_Task_
Beginning at the line that contains "Passeggino pieghevole per", repeat each line exactly through the last one of the records below, and leave out the pictures.

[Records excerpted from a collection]
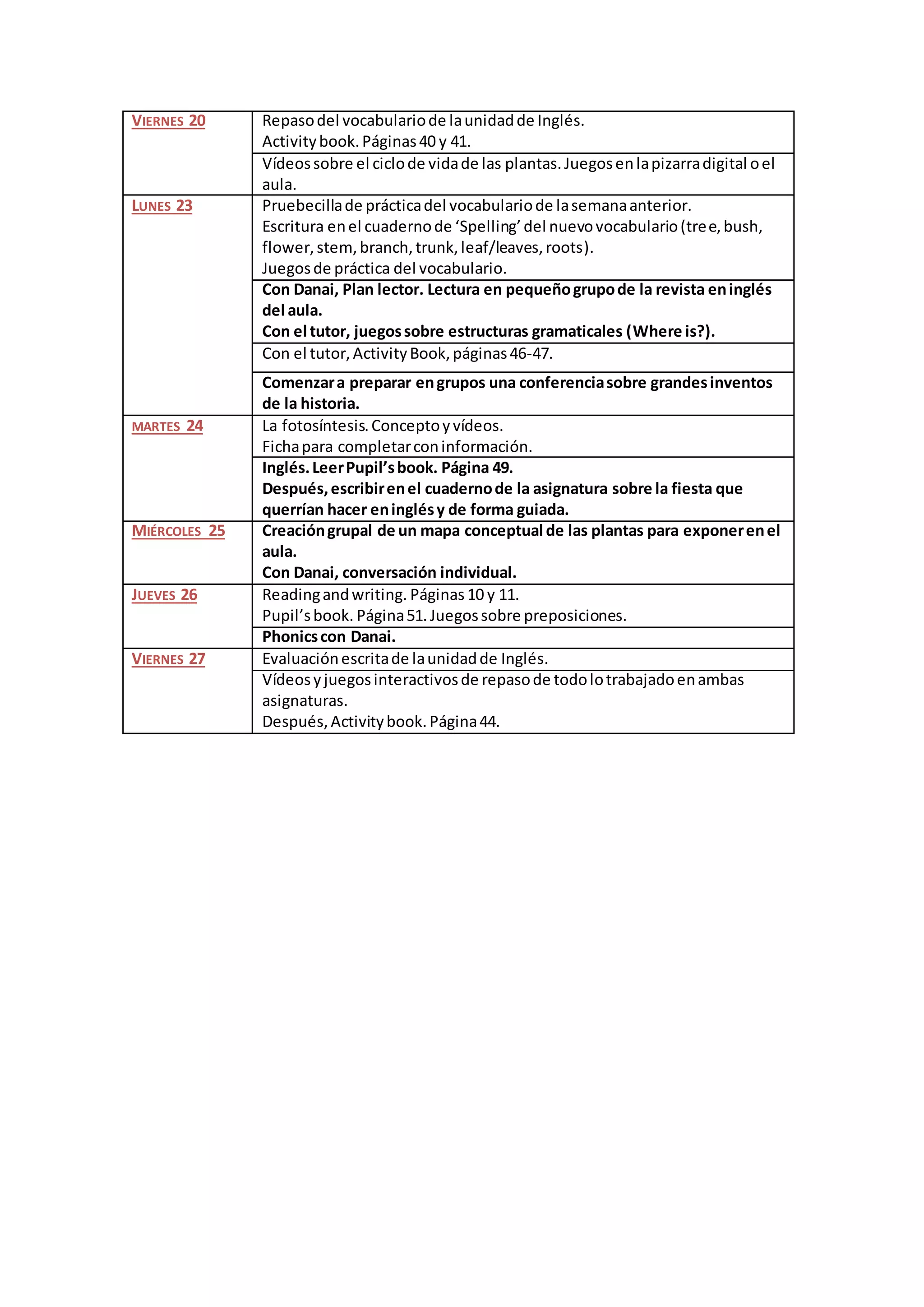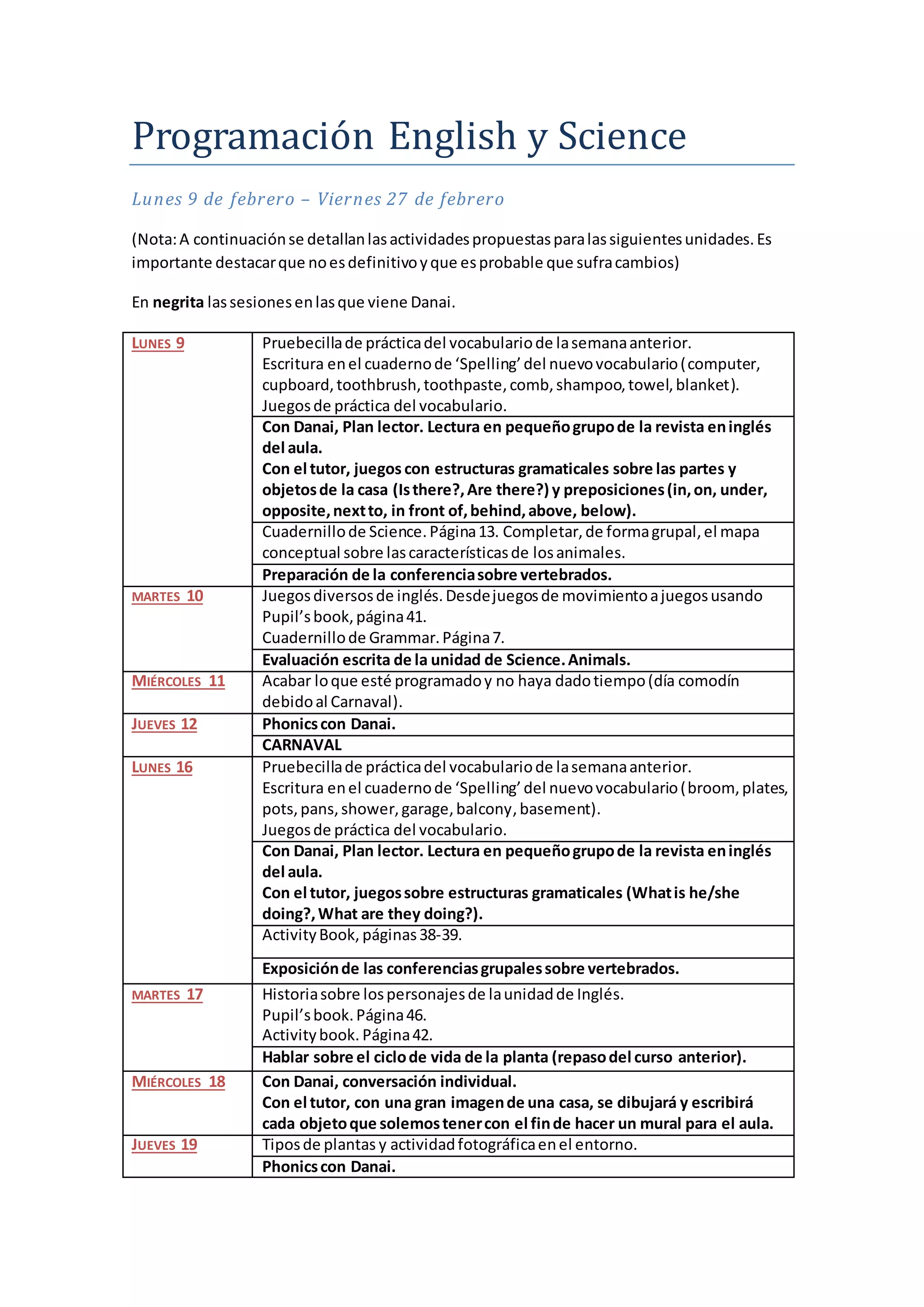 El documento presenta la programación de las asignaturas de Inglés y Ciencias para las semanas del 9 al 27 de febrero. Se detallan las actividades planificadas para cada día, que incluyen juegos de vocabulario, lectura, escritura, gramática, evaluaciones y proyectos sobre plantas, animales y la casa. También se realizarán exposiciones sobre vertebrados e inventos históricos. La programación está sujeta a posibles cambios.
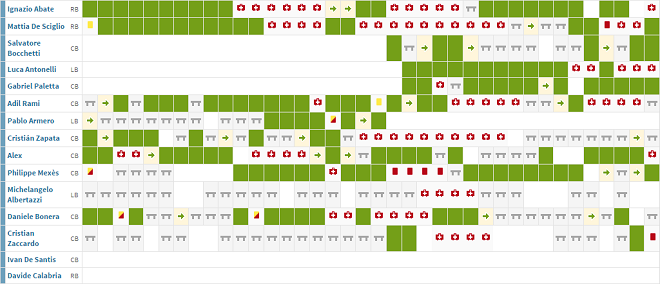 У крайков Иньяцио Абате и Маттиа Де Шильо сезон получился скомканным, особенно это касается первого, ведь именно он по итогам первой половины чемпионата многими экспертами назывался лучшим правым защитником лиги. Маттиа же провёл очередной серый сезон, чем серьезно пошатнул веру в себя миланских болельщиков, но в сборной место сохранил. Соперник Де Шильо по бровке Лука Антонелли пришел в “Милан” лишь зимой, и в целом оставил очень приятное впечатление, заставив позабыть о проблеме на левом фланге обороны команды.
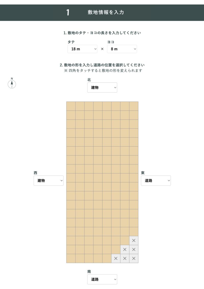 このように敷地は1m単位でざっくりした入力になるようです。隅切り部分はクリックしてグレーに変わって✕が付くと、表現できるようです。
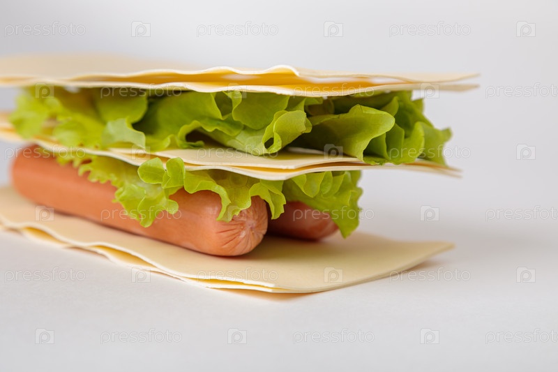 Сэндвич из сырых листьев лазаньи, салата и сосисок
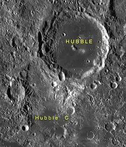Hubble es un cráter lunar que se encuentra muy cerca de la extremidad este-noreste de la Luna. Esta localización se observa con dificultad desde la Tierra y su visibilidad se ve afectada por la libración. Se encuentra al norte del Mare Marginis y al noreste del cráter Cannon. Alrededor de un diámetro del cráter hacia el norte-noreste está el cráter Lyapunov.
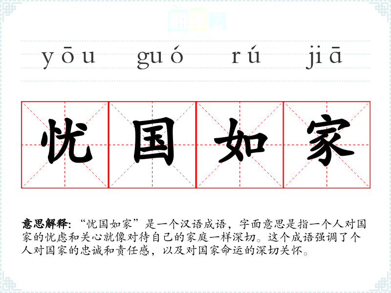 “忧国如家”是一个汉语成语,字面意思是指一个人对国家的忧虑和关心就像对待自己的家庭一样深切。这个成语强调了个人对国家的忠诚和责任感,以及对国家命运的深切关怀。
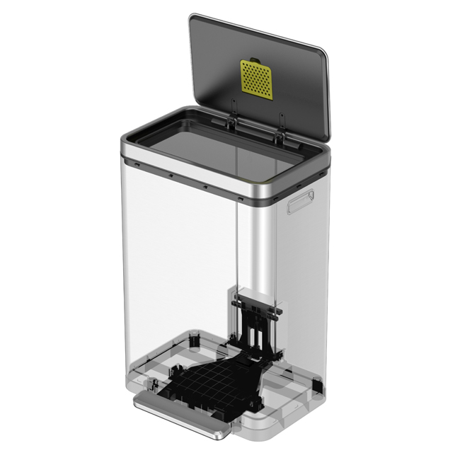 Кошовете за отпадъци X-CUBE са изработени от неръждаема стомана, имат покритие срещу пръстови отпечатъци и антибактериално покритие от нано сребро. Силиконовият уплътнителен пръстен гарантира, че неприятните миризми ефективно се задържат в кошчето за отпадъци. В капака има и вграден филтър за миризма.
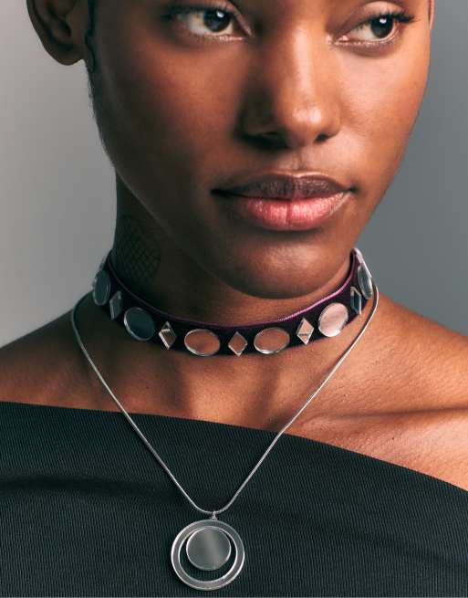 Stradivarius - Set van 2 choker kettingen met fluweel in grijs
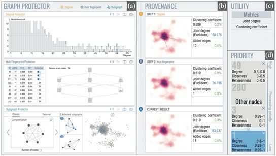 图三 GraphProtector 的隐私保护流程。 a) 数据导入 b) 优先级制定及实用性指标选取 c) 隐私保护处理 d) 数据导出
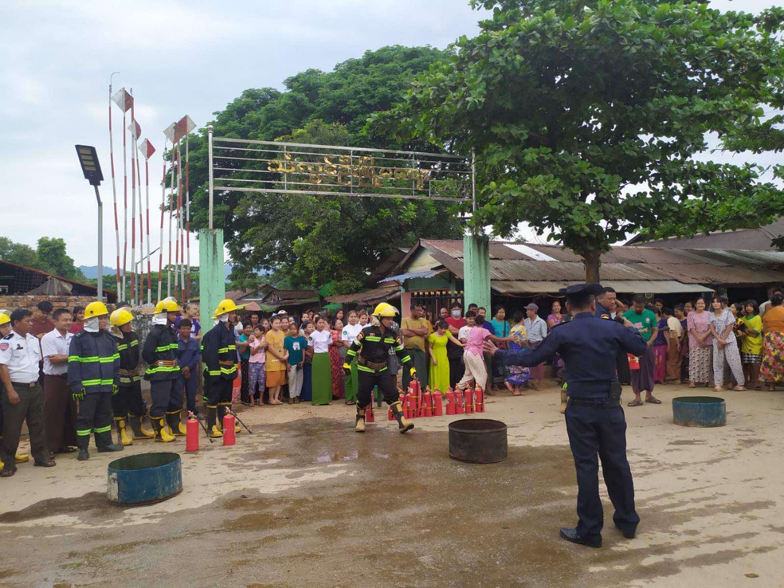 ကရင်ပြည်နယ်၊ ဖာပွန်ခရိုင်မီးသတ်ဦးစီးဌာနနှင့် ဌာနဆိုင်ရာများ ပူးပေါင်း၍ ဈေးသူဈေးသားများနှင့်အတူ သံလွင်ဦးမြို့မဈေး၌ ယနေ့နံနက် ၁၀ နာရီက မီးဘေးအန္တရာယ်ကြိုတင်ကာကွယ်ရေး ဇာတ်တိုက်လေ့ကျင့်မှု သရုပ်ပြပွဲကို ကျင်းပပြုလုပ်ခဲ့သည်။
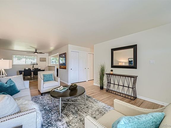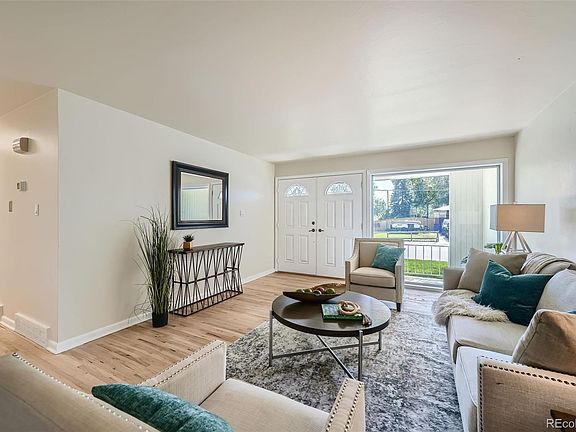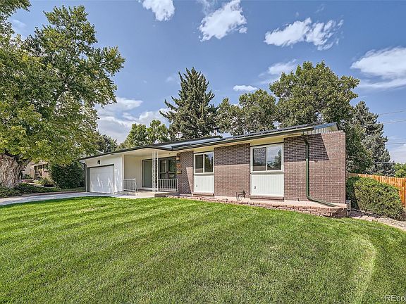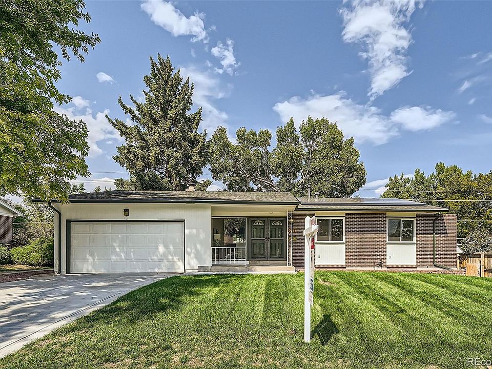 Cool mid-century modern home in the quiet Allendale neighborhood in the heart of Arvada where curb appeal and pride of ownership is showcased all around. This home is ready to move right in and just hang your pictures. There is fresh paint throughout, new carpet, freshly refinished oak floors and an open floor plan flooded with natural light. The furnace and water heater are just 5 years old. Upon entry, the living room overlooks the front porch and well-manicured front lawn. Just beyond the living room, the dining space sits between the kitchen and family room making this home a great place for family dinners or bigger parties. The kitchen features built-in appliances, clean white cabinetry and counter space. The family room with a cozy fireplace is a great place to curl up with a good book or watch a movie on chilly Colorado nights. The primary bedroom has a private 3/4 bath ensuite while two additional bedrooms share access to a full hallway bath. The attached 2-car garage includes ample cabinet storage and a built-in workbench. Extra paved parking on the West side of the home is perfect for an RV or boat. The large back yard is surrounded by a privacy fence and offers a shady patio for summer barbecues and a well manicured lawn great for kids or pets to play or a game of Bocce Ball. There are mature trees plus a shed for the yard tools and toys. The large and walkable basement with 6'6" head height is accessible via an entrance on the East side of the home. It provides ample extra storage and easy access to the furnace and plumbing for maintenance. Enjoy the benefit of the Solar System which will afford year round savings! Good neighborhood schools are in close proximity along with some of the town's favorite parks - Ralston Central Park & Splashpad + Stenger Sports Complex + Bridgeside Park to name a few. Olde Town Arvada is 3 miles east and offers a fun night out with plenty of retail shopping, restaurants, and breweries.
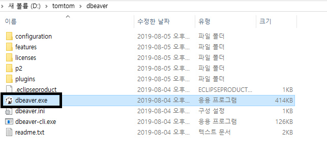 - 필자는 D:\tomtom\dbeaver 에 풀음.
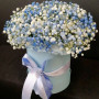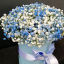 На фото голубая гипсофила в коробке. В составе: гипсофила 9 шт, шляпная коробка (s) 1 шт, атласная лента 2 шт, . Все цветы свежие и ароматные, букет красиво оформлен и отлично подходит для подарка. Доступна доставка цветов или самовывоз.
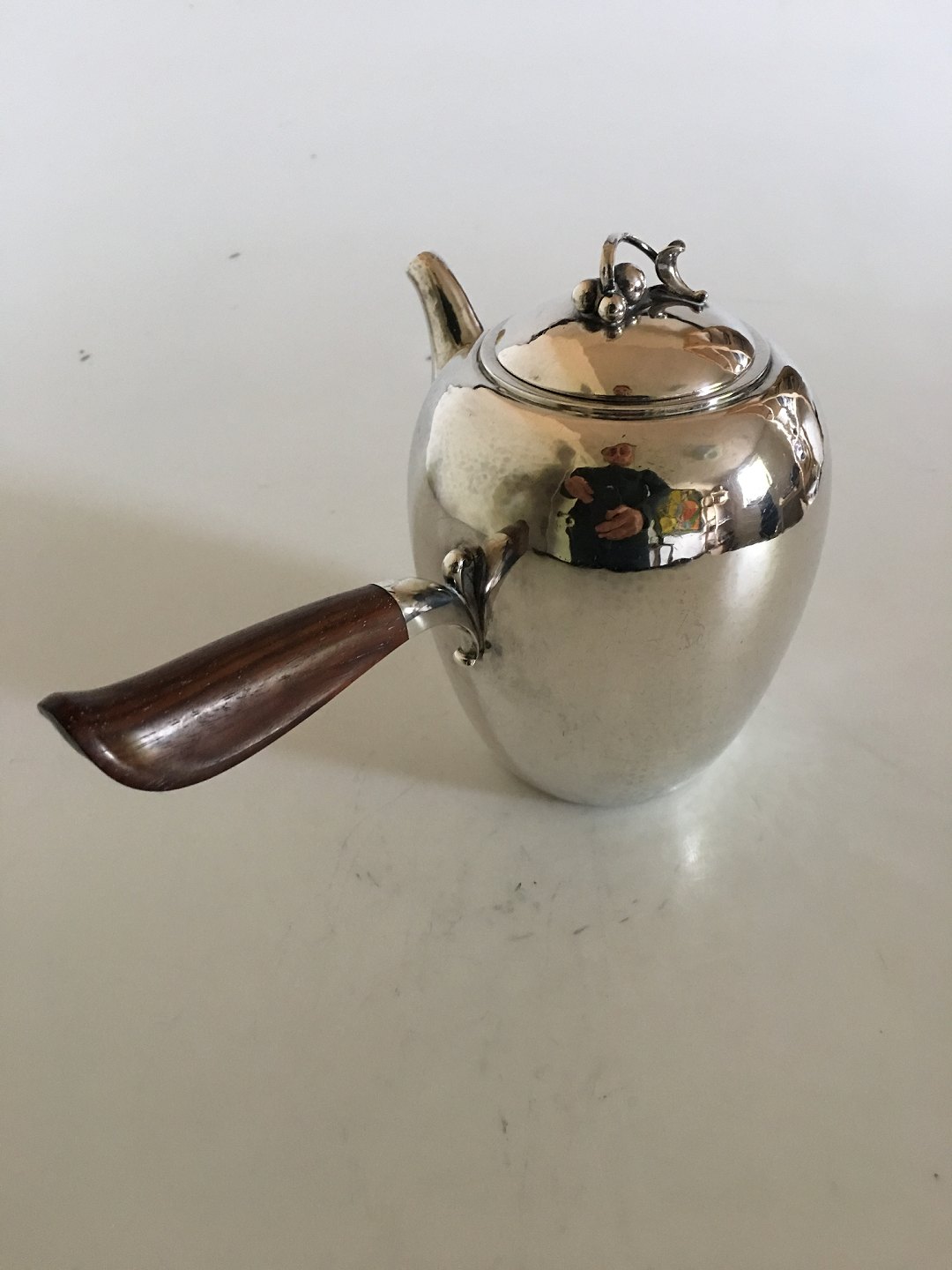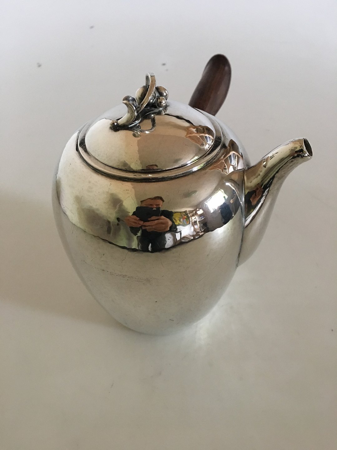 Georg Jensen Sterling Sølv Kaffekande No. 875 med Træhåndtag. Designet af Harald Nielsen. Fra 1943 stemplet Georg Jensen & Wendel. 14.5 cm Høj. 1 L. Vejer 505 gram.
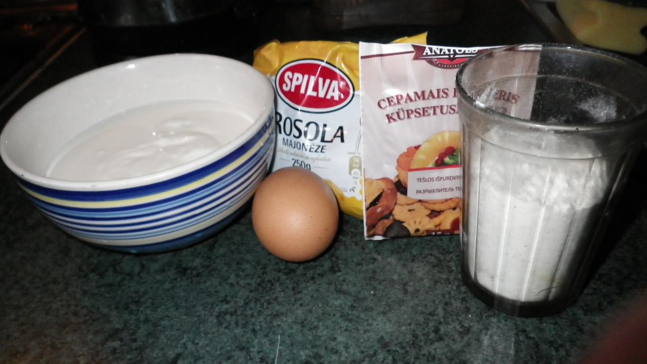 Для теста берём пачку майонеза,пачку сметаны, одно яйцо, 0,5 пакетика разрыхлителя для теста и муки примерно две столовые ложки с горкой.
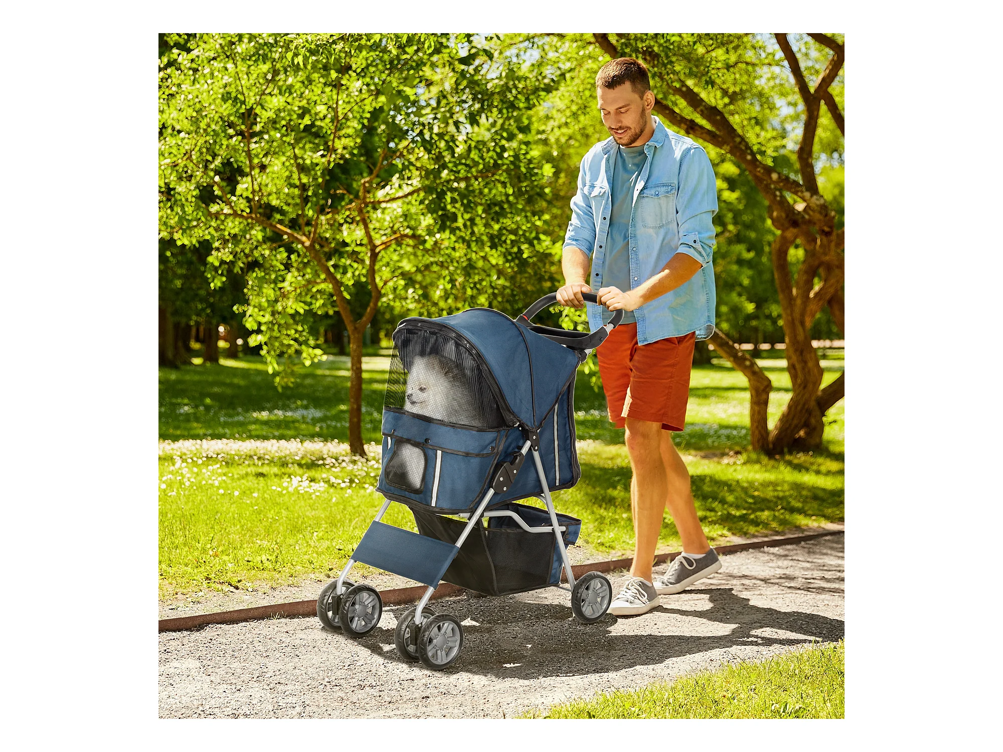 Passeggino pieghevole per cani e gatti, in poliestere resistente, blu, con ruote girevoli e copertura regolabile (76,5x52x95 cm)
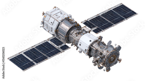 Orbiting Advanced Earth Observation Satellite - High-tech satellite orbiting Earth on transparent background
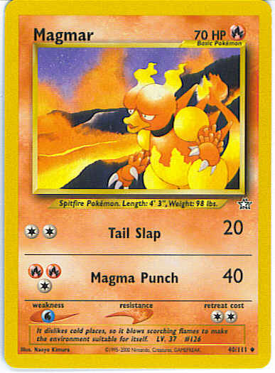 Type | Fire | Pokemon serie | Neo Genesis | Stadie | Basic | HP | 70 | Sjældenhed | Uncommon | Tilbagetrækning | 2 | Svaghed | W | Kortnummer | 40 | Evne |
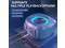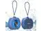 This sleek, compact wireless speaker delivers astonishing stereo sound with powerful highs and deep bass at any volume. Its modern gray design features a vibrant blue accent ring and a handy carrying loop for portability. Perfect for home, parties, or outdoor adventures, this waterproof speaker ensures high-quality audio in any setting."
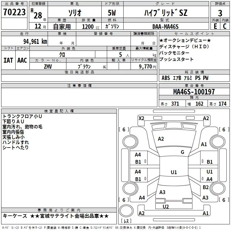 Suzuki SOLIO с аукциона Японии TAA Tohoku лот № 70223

_Answer box_
 Passeggino pieghevole per cani e gatti, in poliestere resistente, blu, con ruote girevoli e copertura regolabile (76,5x52x95 cm)
 Orbiting Advanced Earth Observation Satellite - High-tech satellite orbiting Earth on transparent background
 Type | Fire | Pokemon serie | Neo Genesis | Stadie | Basic | HP | 70 | Sjældenhed | Uncommon | Tilbagetrækning | 2 | Svaghed | W | Kortnummer | 40 | Evne |
 This sleek, compact wireless speaker delivers astonishing stereo sound with powerful highs and deep bass at any volume. Its modern gray design features a vibrant blue accent ring and a handy carrying loop for portability. Perfect for home, parties, or outdoor adventures, this waterproof speaker ensures high-quality audio in any setting."
 Suzuki SOLIO с аукциона Японии TAA Tohoku лот № 70223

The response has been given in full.